I wrote every line of my dissertation with two people in mind—my dissertation director and my mom, a high-school graduate. I knew that if I could craft a history that met his high standards but was accessible and understandable to my mom, then I’d have done it right.

4. Word Choice Matters, But Sentences Do Too

Too often, academics hear their writing as they imagined they wrote it, and not thinking about how it sounds to someone approaching them fresh. This is why I always tell students to read their work aloud.

Sentence structure matters here. I often read work that’s a mass of uniform sentences styles and length, but writers have to remember they’re not just providing the lyrics of a song, but the music that will accompany it.
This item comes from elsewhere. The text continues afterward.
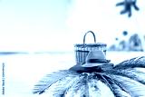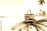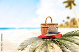 Summer picnic on beach and picnic basket and a straw sun hat on red towel on the palm on sand. In distance blurred blue sea and sky background.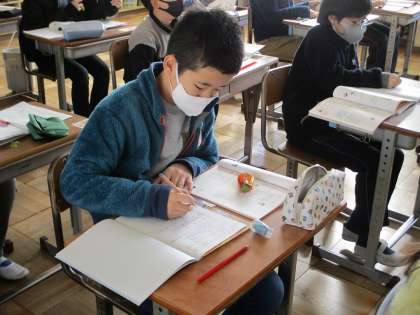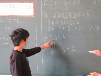 4年生の算数では,「小数のわり算」の学習をしていました。

There’s a popular quote by Gary Provost that gets this point across well:

This sentence has five words. Here are five more words. Five-word sentences are fine. But several together become monotonous. Listen to what is happening. The writing is getting boring. The sound of it drones. It’s like a stuck record. The ear demands some variety. Now listen. I vary the sentence length, and I create music. Music. The writing sings. It has a pleasant rhythm, a lilt, a harmony. I use short sentences. And I use sentences of medium length. And sometimes, when I am certain the reader is rested, I will engage him with a sentence of considerable length, a sentence that burns with energy and builds with all the impetus of a crescendo, the roll of the drums, the crash of the cymbals—sounds that say listen to this, it is important.

5. Pace Yourself

It’s easy to get overwhelmed by the larger process of writing an article, a dissertation or a book, so think about the big picture first and then focus in on one sentence, then one paragraph, then one section. One at a time.

Some grad students follow the model of my brilliant colleague Tony Grafton by setting a minimum word limit to hit each day, but I learned a long time ago that I’m no Tony Grafton. (You may be, though. Have at it!)

But yes, write something each day. Some days it flows effortlessly, and I can crank out five to ten solid pages. Some days I struggle over a single sentence, but if I finally get it right, that’s enough. Some days I realize I just have to walk away.

But the writing is only the beginning. That “write drunk, edit sober” line attributed to Hemingway might be apocryphal, but it has the stress in the right place. Editing and rewriting are the key to the whole thing.

And this can be, and should be, a collaborative process. Whether it’s presenting in formal workshops or sharing drafts with a friend, get some fresh eyes on your writing whenever you can.

And, this should go without saying, but you should be circulating your worst material, the stuff you need the most help on. You’re not trying to show off, you’re asking for help. We all need it.